#### EXERCISE DIRECTIONS:
Quote the listing below in its entirety, omitting every image.

#### GIVEN DATA:
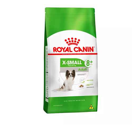 Ração Royal Canin X-Small Adulto 8+, é um alimento completo para cães adultos de porte miniatura, com até 4 kg quando adulto, com mais de 8 anos de idade.Contém nutrientes que ajudam a manter a vitalidade nos cães de raças muito pequenas frente os primeiros sinais de envelhecimento. Contém um complexo patenteado de antioxidantes.
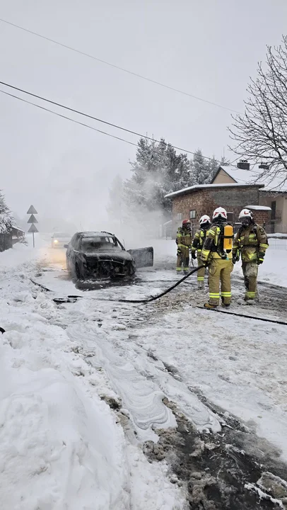Spaleniu uległ samochód osobowy marki Audi, który został całkowicie zniszczony przez ogień. Na szczęście nikt nie odniósł obrażeń. Na miejscu interweniowała również policja. Jak przekazano, pojazd był starszego typu, a straty materialne nie zostały ocenione jako wysoki
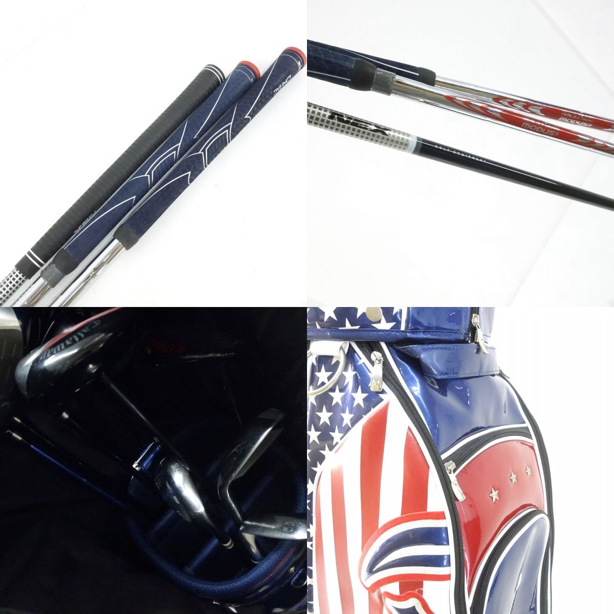 116 キャロウェイ イグニオ トブンダ ウォズ ドライバー 3W 5W 7W 匠ウェッジ 50 54 NEX アイアン 7I 9本セット ゴルフクラブ ※中古 □付属品:キャディバッグ ※画像にあるもので全てです。 □仕様 ・WOSS BATA2041 ドライバー シャフト:オリジナルカーボンシャフト ・IGNIO HB-i ドライバー シャフト:オリジナルカーボンシャフト フレックス:R ・Callaway DIABLO Octane 3W DIABLO EDGE 5W 7W シャフト:オリジナルカーボンシャフト フレックス:SR ・TOBUNDA TRY FIT 5W シャフト:オリジナルカーボンシャフト フレックス:S ・TEAM TOHO 匠ウェッジ 50 54 シャフト:N.S.PRO modus3 スチール ・NEX GOLF EQUIPMENT アイアン 7I シャフト:オリジナルカーボンシャフト フレックス:R □状態 ・本体には使用に伴うスレキズや汚れ、サビ、剥げが見られます。 ・シャフトには使用に伴うスレキズや汚れが見られます。 ・匠ウェッジのシャフトに鉛テープが貼られています。 ・グリップには使用に伴うスレキズや汚れが見られます。 ・キャディバッグには保管に伴うスレキズや汚れが見られます。 □備考:なし ※画像では判別しづらいUSED品特有の薄い汚れや薄いキズ、細かいキズなどある場合があります。 |

#### WORKED SOLUTION:
 Ração Royal Canin X-Small Adulto 8+, é um alimento completo para cães adultos de porte miniatura, com até 4 kg quando adulto, com mais de 8 anos de idade.Contém nutrientes que ajudam a manter a vitalidade nos cães de raças muito pequenas frente os primeiros sinais de envelhecimento. Contém um complexo patenteado de antioxidantes.
Spaleniu uległ samochód osobowy marki Audi, który został całkowicie zniszczony przez ogień. Na szczęście nikt nie odniósł obrażeń. Na miejscu interweniowała również policja. Jak przekazano, pojazd był starszego typu, a straty materialne nie zostały ocenione jako wysoki
 116 キャロウェイ イグニオ トブンダ ウォズ ドライバー 3W 5W 7W 匠ウェッジ 50 54 NEX アイアン 7I 9本セット ゴルフクラブ ※中古 □付属品:キャディバッグ ※画像にあるもので全てです。 □仕様 ・WOSS BATA2041 ドライバー シャフト:オリジナルカーボンシャフト ・IGNIO HB-i ドライバー シャフト:オリジナルカーボンシャフト フレックス:R ・Callaway DIABLO Octane 3W DIABLO EDGE 5W 7W シャフト:オリジナルカーボンシャフト フレックス:SR ・TOBUNDA TRY FIT 5W シャフト:オリジナルカーボンシャフト フレックス:S ・TEAM TOHO 匠ウェッジ 50 54 シャフト:N.S.PRO modus3 スチール ・NEX GOLF EQUIPMENT アイアン 7I シャフト:オリジナルカーボンシャフト フレックス:R □状態 ・本体には使用に伴うスレキズや汚れ、サビ、剥げが見られます。 ・シャフトには使用に伴うスレキズや汚れが見られます。 ・匠ウェッジのシャフトに鉛テープが貼られています。 ・グリップには使用に伴うスレキズや汚れが見られます。 ・キャディバッグには保管に伴うスレキズや汚れが見られます。 □備考:なし ※画像では判別しづらいUSED品特有の薄い汚れや薄いキズ、細かいキズなどある場合があります。 |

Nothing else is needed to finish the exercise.